Metric $p := p(x,y)= \min(|x-y|, 1- |x-y|)$ $x,y \in [0,1)^2$. Prove metric space is compact.

Question

Help! I know that $X$ is Compact if every sequence in $X$ has a subsequence converging to a point in $X$. Also we have that $X$ is a bounded infinite subset in the real numbers.

I think it's quite a short proof, could anyone help please?
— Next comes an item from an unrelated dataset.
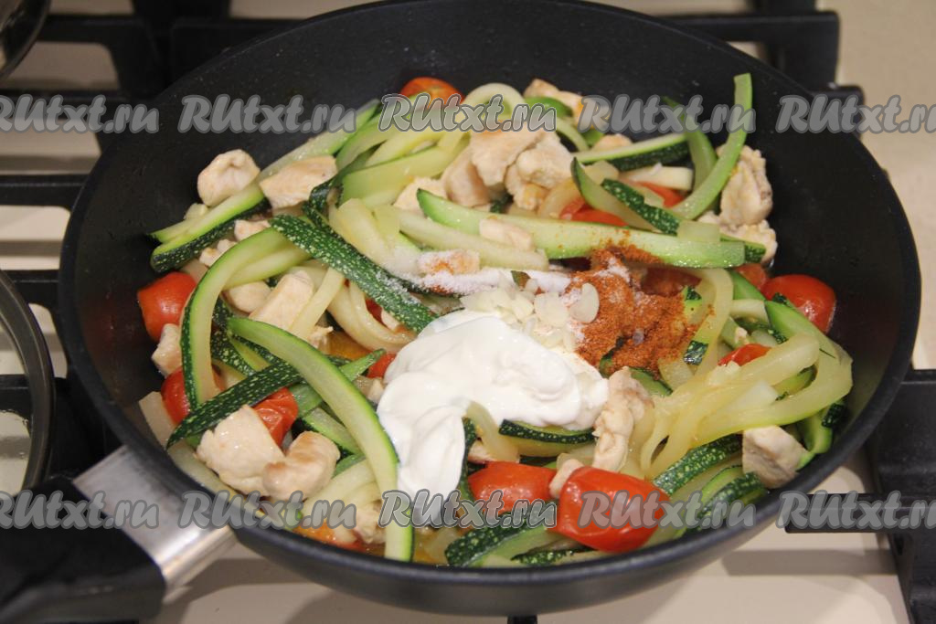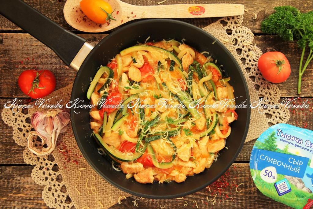 Предлагаю потушить в сметане на сковороде кабачки с куриным филе и помидорами. Блюдо готовится очень просто и быстро. Кабачки, тушёные с куриным мясом и помидорами, можно подать и к обеду, и к ужину. Всем советую рецепт этого аппетитного, сочного и нежного блюда!

Thank you!

Answer 1

Let $X=[0,1)$ with the given metric, and let $Y=[0,1]$ with the usual metric.

If $(x_n)$ is a sequence in X, then it has a subsequence $x_{n_k}$ which converges to $a \in Y$ since Y is compact.

1) If $a\ne1$, then $x_{n_k}$ converges to $a$ in X since

$\;\;\;|x_{n_k}-a|<\epsilon\implies d(x_{n_k},a)=\min\{|x_{n_k}-a|, 1-|x_{n_k}-a|\}<\epsilon$.

2) If $a=1$, then $x_{n_k}$ converges to 0 in X since

$\;\;\;|x_{n_k}-1|<\epsilon\implies 1-x_{n_k}<\epsilon\implies d(x_{n_k},0)=\min\{x_{n_k},1-x_{n_k}\}<\epsilon$.

Therefore $(x_n)$ has a convergent subsequence in X, so X is compact.